What the task asks: Would you return exactly the lines below from the line with "服务器实例可以选 OpenClaw 的应用镜像,专门给龙虾用。" through the line with "Answer: The single", both included, and nothing else, leaving out the pictures?

Data listing:
***
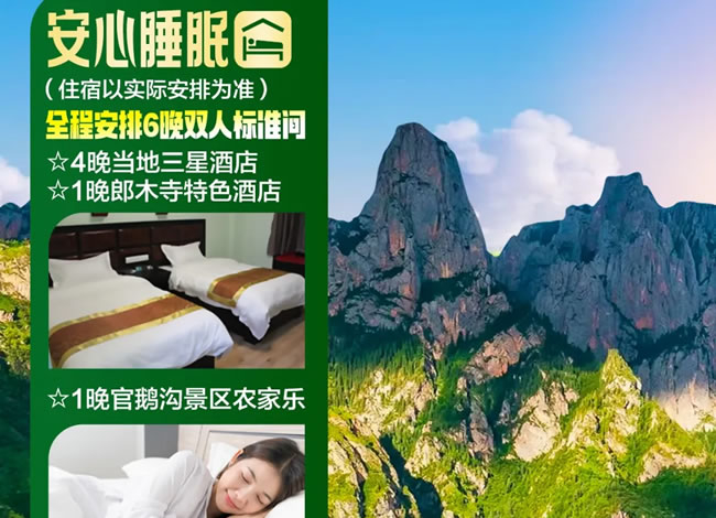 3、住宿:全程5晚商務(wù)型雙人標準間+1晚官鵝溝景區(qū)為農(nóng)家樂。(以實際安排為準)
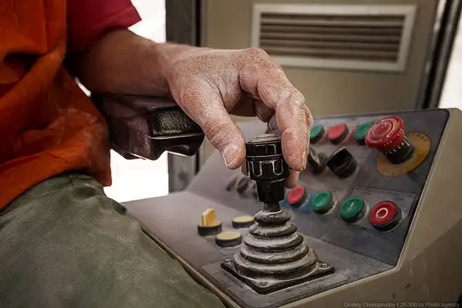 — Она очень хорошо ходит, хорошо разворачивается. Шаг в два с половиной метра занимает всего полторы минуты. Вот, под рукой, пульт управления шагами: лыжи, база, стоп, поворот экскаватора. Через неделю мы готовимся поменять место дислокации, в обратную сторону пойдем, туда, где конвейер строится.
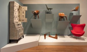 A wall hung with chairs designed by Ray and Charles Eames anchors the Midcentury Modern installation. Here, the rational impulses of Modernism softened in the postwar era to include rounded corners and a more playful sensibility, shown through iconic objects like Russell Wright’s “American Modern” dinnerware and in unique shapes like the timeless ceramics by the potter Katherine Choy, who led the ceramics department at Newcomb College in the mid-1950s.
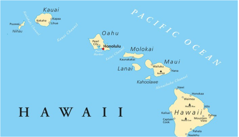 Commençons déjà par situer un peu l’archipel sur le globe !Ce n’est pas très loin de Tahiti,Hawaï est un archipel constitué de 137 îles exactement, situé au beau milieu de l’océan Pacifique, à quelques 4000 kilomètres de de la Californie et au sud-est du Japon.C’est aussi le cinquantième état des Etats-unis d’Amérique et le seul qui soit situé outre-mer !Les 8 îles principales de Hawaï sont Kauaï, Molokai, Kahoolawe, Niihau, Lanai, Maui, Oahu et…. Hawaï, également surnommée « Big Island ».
***
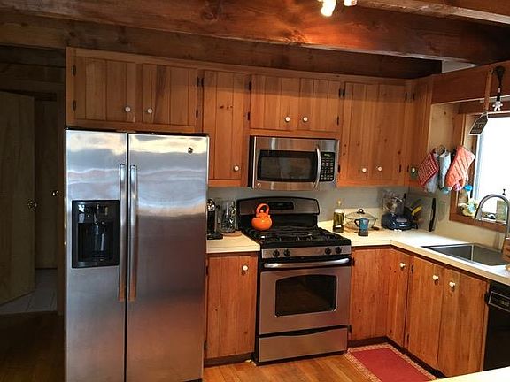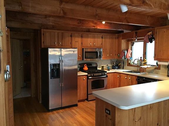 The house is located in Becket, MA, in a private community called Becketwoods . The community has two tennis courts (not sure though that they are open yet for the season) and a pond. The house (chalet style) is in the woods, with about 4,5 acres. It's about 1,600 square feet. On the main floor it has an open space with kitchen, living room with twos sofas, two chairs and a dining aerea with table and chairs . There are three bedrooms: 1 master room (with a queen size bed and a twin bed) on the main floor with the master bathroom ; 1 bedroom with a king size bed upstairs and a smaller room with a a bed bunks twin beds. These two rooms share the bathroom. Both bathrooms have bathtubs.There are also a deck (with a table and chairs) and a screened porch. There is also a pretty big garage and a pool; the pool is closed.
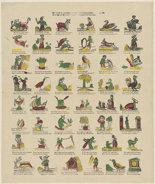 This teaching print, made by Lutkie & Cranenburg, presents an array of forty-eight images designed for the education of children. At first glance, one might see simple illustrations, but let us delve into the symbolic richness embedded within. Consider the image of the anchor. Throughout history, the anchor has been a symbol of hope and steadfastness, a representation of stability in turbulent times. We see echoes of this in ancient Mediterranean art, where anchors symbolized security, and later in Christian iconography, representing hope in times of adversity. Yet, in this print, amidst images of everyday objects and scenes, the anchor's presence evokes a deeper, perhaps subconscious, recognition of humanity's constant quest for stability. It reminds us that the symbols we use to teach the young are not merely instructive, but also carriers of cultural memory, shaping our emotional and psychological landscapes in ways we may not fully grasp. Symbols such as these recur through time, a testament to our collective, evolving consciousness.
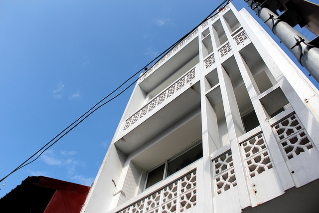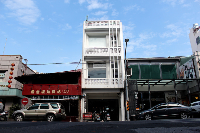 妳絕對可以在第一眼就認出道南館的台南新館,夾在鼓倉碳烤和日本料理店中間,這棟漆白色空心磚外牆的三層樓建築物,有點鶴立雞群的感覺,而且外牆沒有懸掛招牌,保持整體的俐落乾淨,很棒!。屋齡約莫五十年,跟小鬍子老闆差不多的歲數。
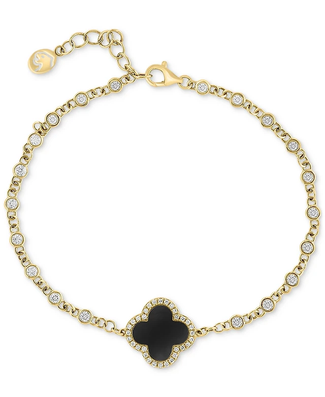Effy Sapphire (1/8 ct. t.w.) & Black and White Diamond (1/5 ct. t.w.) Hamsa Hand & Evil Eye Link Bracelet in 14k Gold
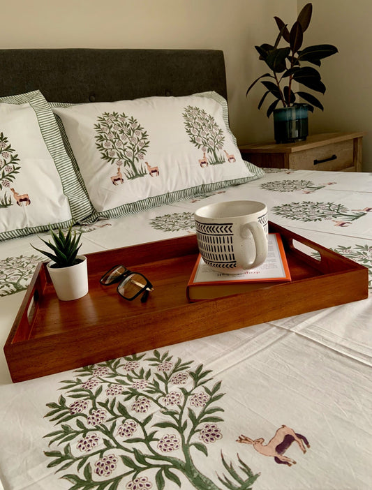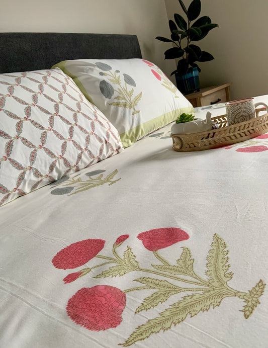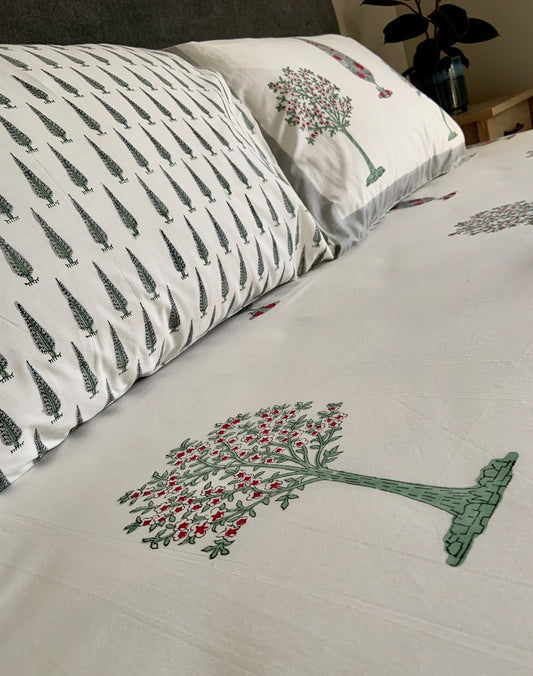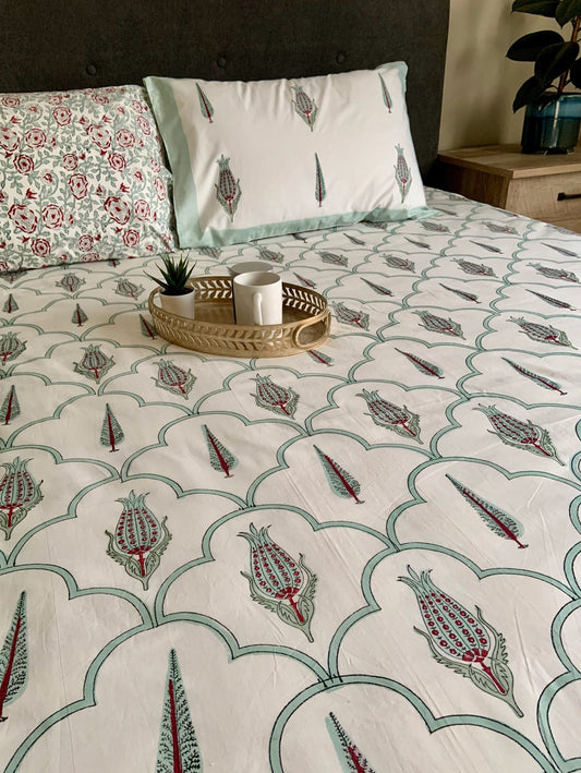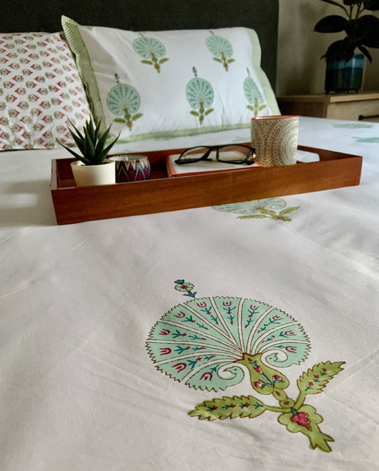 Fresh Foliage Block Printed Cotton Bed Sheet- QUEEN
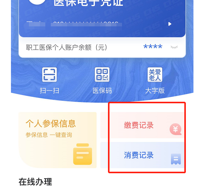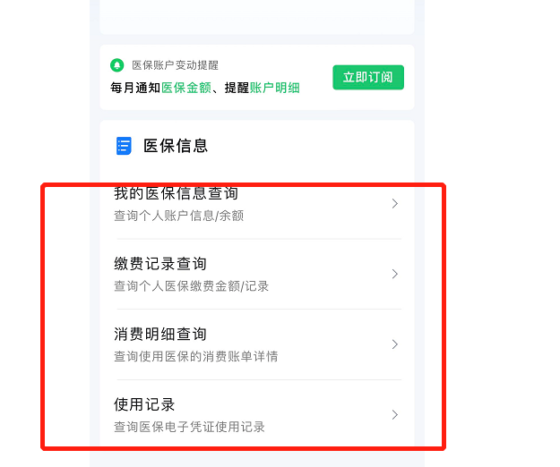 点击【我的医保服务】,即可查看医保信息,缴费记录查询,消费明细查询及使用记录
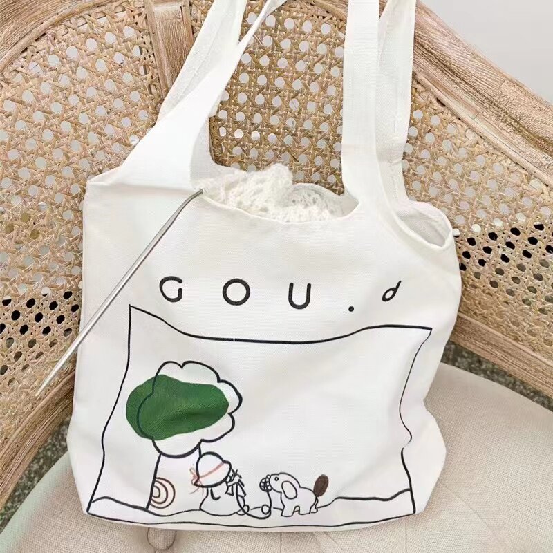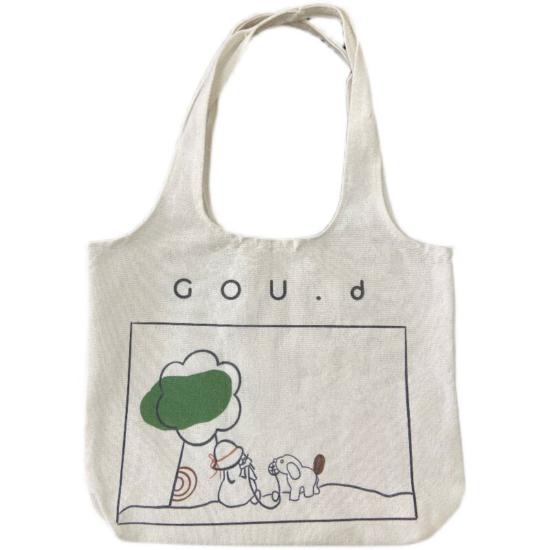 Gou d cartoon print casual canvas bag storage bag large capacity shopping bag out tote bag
***
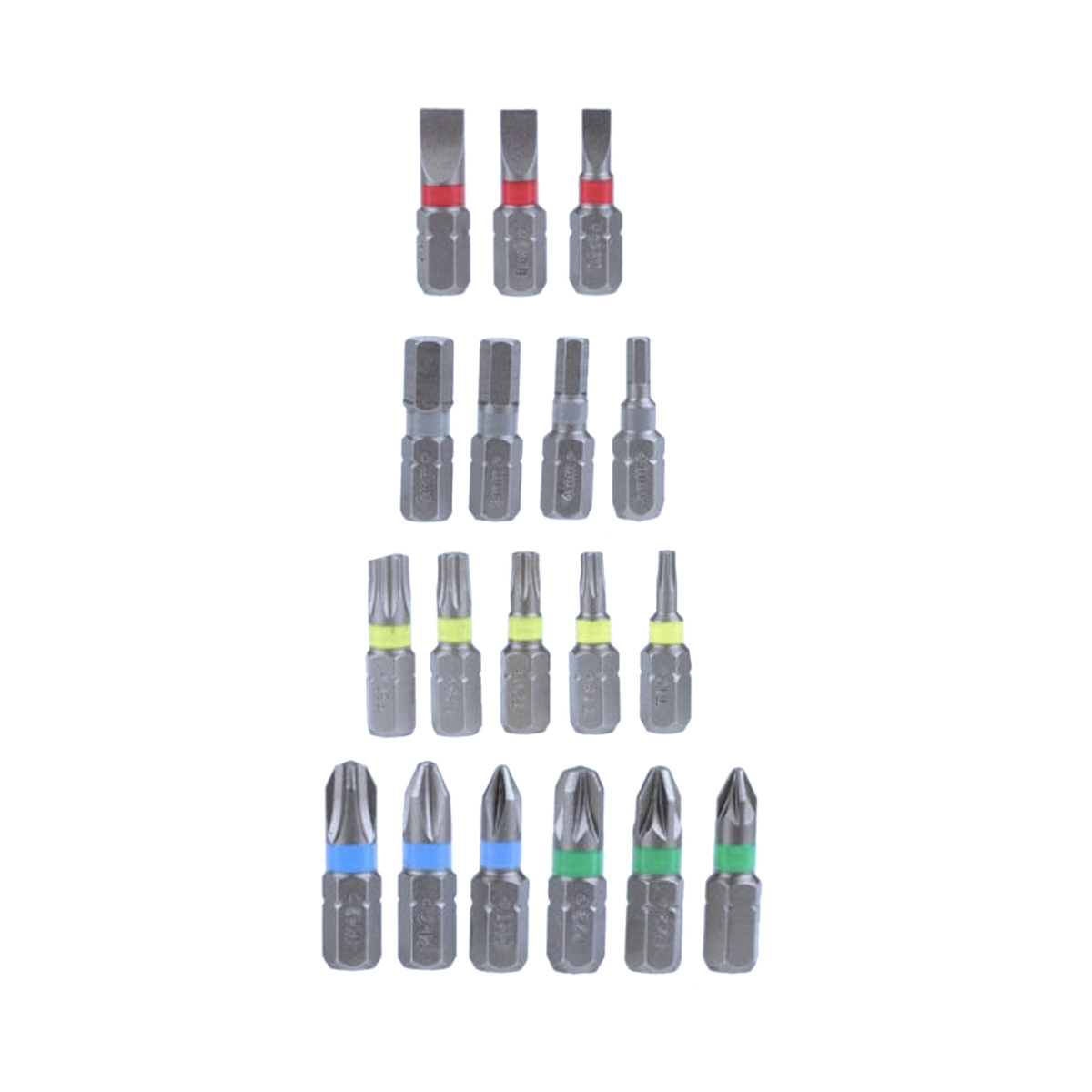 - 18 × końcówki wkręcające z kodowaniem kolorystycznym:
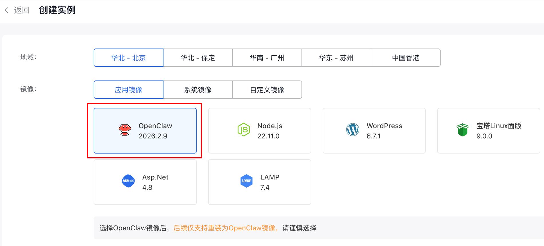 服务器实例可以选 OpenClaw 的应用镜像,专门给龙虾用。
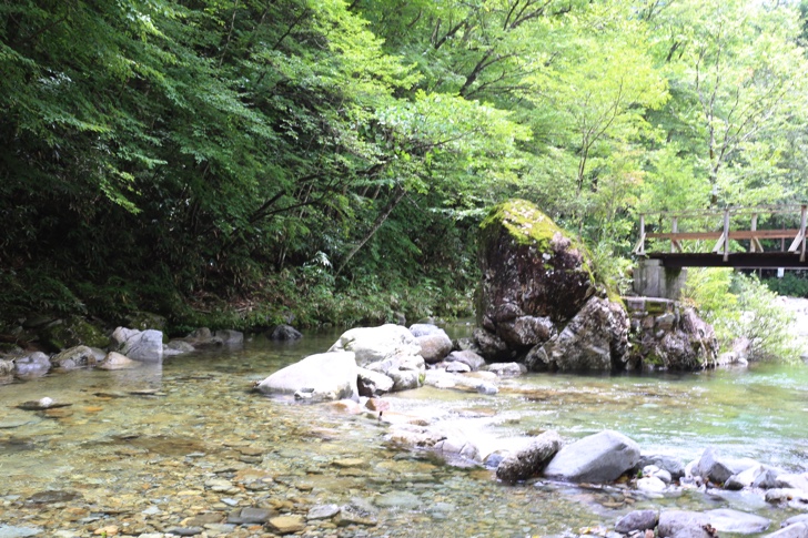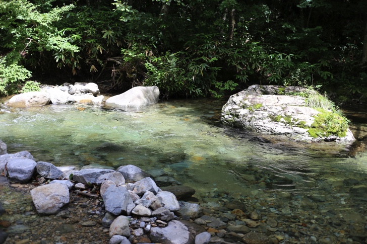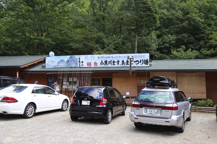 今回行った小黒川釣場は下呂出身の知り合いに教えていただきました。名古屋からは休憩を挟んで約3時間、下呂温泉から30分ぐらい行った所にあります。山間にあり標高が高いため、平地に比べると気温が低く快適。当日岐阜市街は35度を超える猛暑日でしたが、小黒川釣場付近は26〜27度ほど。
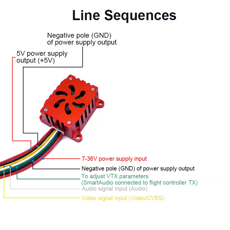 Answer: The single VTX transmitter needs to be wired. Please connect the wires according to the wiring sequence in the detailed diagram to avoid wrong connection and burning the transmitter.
***
The completed task:
 服务器实例可以选 OpenClaw 的应用镜像,专门给龙虾用。
 今回行った小黒川釣場は下呂出身の知り合いに教えていただきました。名古屋からは休憩を挟んで約3時間、下呂温泉から30分ぐらい行った所にあります。山間にあり標高が高いため、平地に比べると気温が低く快適。当日岐阜市街は35度を超える猛暑日でしたが、小黒川釣場付近は26〜27度ほど。
 Answer: The single VTX transmitter needs to be wired. Please connect the wires according to the wiring sequence in the detailed diagram to avoid wrong connection and burning the transmitter.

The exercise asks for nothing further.